» Collected material:
_ _ _ _ _
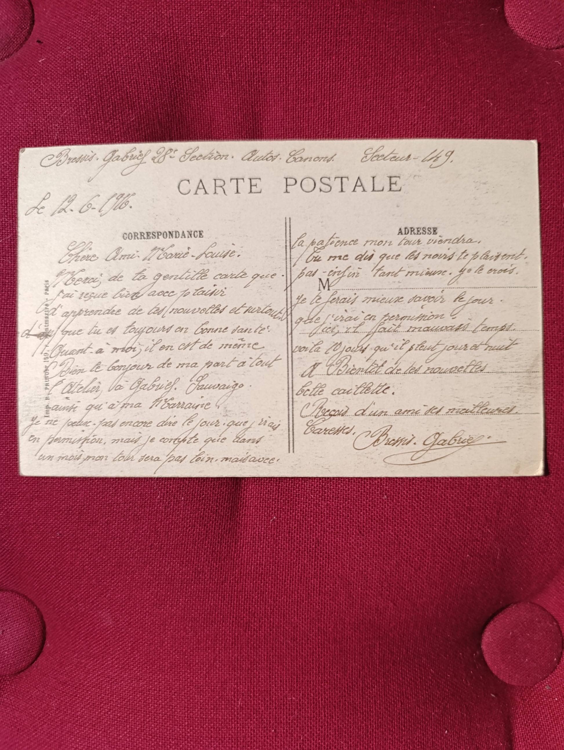 Carte postale ancienne originale de la Première Guerre mondiale montrant un coin du fort de la Pompelle en Champagne après les bombardements. Vue des murs éventrés et talus endommagés, présence humaine donnant l’échelle des destructions. Carte écrite et datée au dos (1916), longue correspondance manuscrite bien conservée, belle patine d’époque avec usures normales liées à l’âge. Document historique authentique, recherché pour la bataille de Champagne et les fortifications autour de Reims.
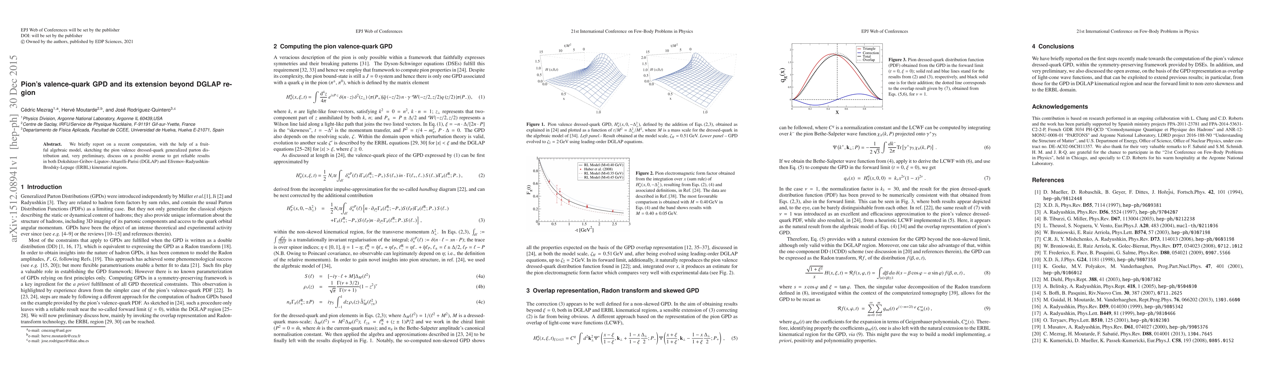 We briefly report on a recent computation, with the help of a fruitful algebraic model, sketching the pion valence dressed-quark generalized parton distribution and, very preliminary, discuss on a possible avenue to get reliable results in both Dokshitzer-Gribov-Lipatov-Altarelli-Parisi (DGLAP) and Efremov-Radyushkin-Brodsky-Lepage (ERBL) kinematial regions.
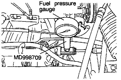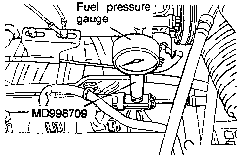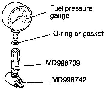 Use a suitable O-ring or gasket between the fuel pressure gauge and the special tool so as to seal in order to prevent fuel leakage at this time.
_ _ _ _ _
What the answer needs is every line from the one with "We briefly report" through the last line of the data, reproduced word for word and with pictures omitted.

 We briefly report on a recent computation, with the help of a fruitful algebraic model, sketching the pion valence dressed-quark generalized parton distribution and, very preliminary, discuss on a possible avenue to get reliable results in both Dokshitzer-Gribov-Lipatov-Altarelli-Parisi (DGLAP) and Efremov-Radyushkin-Brodsky-Lepage (ERBL) kinematial regions.
 Use a suitable O-ring or gasket between the fuel pressure gauge and the special tool so as to seal in order to prevent fuel leakage at this time.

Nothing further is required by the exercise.